The DRAM and Network rows of Table 7.7 assume an energy of 2pJ/bit to cross between two chips. The DRAM number includes one global communication on chip (21.3mm) and one chip crossing. The network number includes one global on-chip communication and two chip crossings - one to get to the router, and a second to get to the DRAM on the destination chip. Additional energy consumed in the DRAM chips and the network are discussed below.

Table 7.8 shows the area breakdown for the multi-core processor chip.
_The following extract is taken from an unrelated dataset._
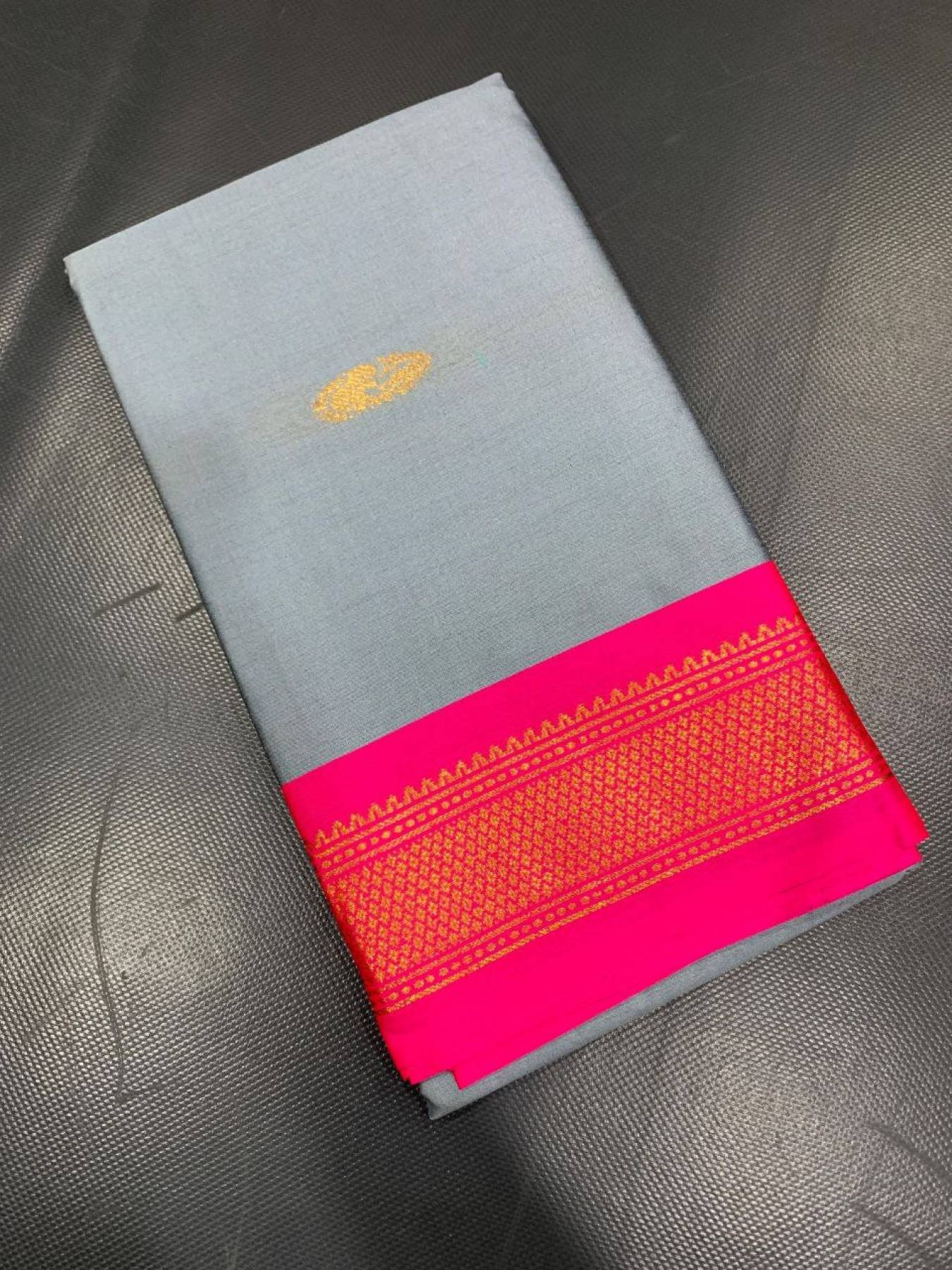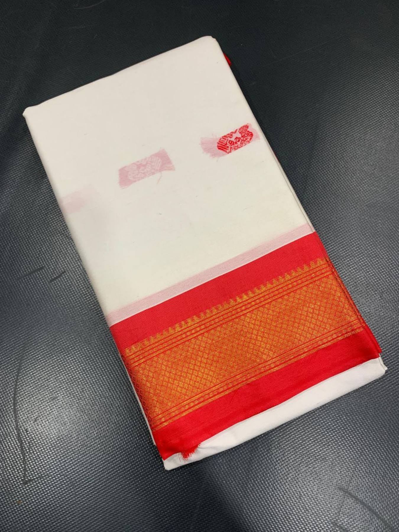 Cotton Silk Saree with Gold Weaving Border and Contrast Blouse For Regular Wear
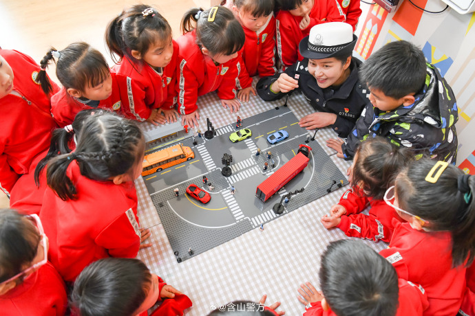 近日,安徽省含山縣公安局交管大隊(duì)組織民警走進(jìn)幼兒園開展以“小手拉大手 安全文明出行”為主題的交通安全宣傳活動(dòng),增強(qiáng)幼兒道路交通安全意識(shí)。圖為民警通過(guò)模擬道具與孩子們互動(dòng)交流。

Power limits FPUs (which includes register files and instruction memories) to occupy less than half the chip. The capacity of the L1-L3 arrays is then adjusted to fill the remaining area on the die. Note that the capacity of the memory arrays sets their area while the bandwidth provided at each level sets their power allowing these two parameters to be adjusted independently.
Table 7.8: Area breakdown of processor chip.

<table>
<thead>
<tr>
<th>Item</th>
<th>Units</th>
<th>Each (mm²)</th>
<th>Total (mm²)</th>
</tr>
</thead>
<tbody>
<tr>
<td>FPUs</td>
<td>2968</td>
<td>0.06</td>
<td>188</td>
</tr>
<tr>
<td>L1</td>
<td>742</td>
<td>0.09</td>
<td>66</td>
</tr>
<tr>
<td>L2/L3</td>
<td>371</td>
<td>0.36</td>
<td>132</td>
</tr>
</tbody>
</table>

Finally, as discussed in Section 6.2.2.1, leakage currents will still be significant, and account for roughly 30% of total chip power. This would raise the actual processor chip power to about 215W.

7.3.4 Processing Node

As pictured in Figure 7.16, a processing node consists of the multi-core processor chip described above and 16 1GB DRAM chips for an aggregate memory of 16GB/node. Each DRAM chip is assumed to have a 32-bit wide interface that operates at 11Gb/s per signal for a per-chip bandwidth of 5.5GWords/s. The 16 chips provide an aggregate bandwidth of 88GWords/s - slightly less than the 89GWords/s specified in Table 7.7. This DRAM interface consumes 512 differential signals (32 per DRAM chip) on the processor chip for the data path. We assume the control/address path consumes an additional 128 differential signals (8 dedicated to each DRAM), for a total of 640 signals.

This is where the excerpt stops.